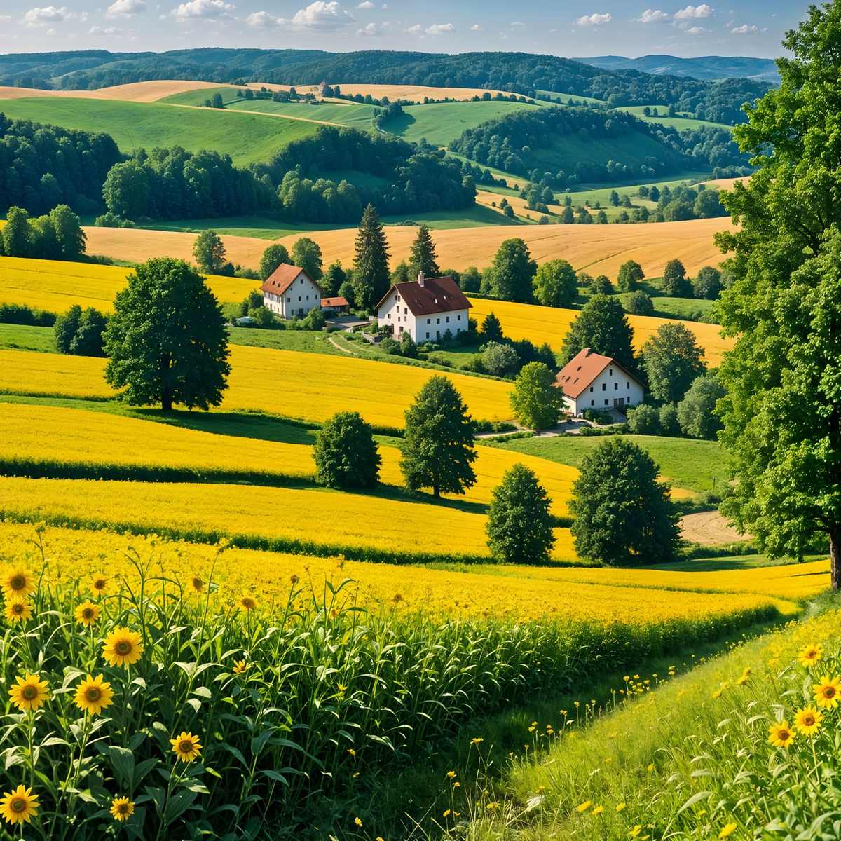 This image shows a vibrant summer landscape. The AI generated image evokes the feeling of warmth and abundance in a colorful countryside scene.
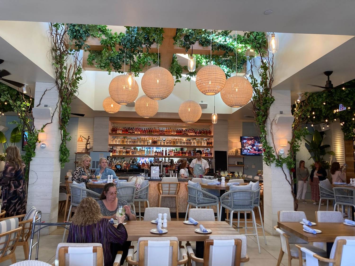 There are also multiple bars throughout the restaurant, where guests can enjoy specialty cocktails, zero proof cocktails and Summer House’s own Rosé. Our favorites were the Summer Old Fashioned and, for the zero proof options, the Waitlist, which consists of sparkling elderflower, rose and lemonade.
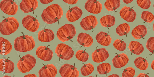 Watercolor pumpkin autumn 2024 seamless pattern For Halloween decoration wallpaper wrapping paper Cozy hand drawn endless print design on green background Harvest festival Ripe gourd Vegetable
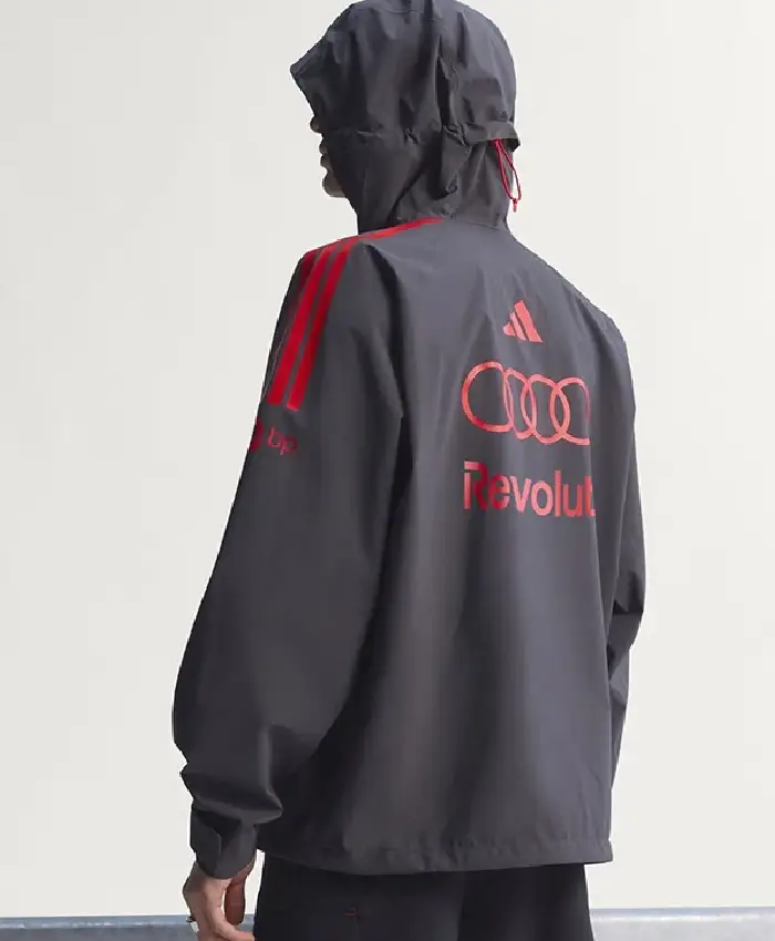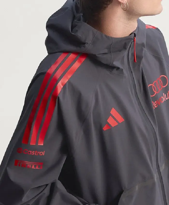 Adidas Audi Revolut F1 Team Mechanics Hooded Zip-Up Black Rain Jacket For Men and Women

## What is required
Pictures stay out. Everything else in the listing gets printed exactly.

## Exercise answer
 This image shows a vibrant summer landscape. The AI generated image evokes the feeling of warmth and abundance in a colorful countryside scene.
 There are also multiple bars throughout the restaurant, where guests can enjoy specialty cocktails, zero proof cocktails and Summer House’s own Rosé. Our favorites were the Summer Old Fashioned and, for the zero proof options, the Waitlist, which consists of sparkling elderflower, rose and lemonade.
 Watercolor pumpkin autumn 2024 seamless pattern For Halloween decoration wallpaper wrapping paper Cozy hand drawn endless print design on green background Harvest festival Ripe gourd Vegetable
 Adidas Audi Revolut F1 Team Mechanics Hooded Zip-Up Black Rain Jacket For Men and Women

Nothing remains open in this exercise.